◆ **Prompt**
Task for the records below: repeat the line containing "最寄りの高島駅からは岡山駅ま" and every line after it, exactly and with nothing else, but leave out the pictures.

◆ **Data provided**
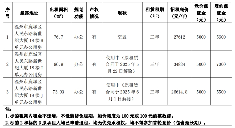 市交发集团所属温州市高速公路资产经营有限公司关于温州市鹿城区人民东路新世纪大厦18楼H、I、J等3个单元办公用房三年租赁权交易公告
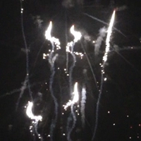 Разноцветные пионы с мерцанием- красные и зеленые хризантемы с треском. Финал - серебряные змейки.
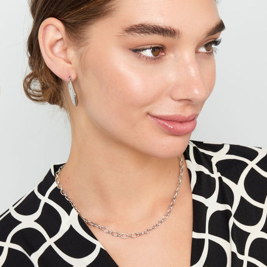 Pendientes largos de acero pulido mate con diseño geométrico acabado plata - mbyou
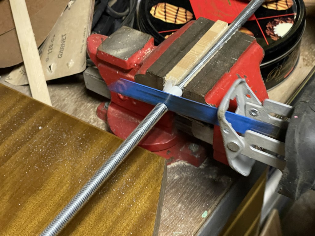 長ネジは以前クランプに使っていた物を再利用。セーバーソーで切断しました。
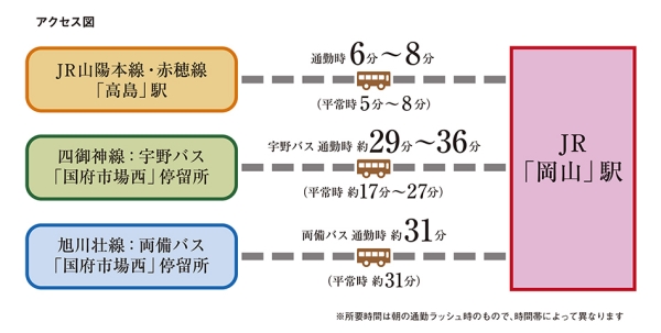 最寄りの高島駅からは岡山駅まで2駅と、電車による通勤・通学にも便利なエリアです。
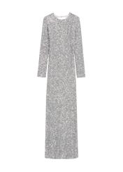 Elegancki charakter sukienki podkreśla długość maxi, a klasyczny design podkreślają długie, proste rękawy i okrągły dekolt.

◆ **Solution**
 最寄りの高島駅からは岡山駅まで2駅と、電車による通勤・通学にも便利なエリアです。
 Elegancki charakter sukienki podkreśla długość maxi, a klasyczny design podkreślają długie, proste rękawy i okrągły dekolt.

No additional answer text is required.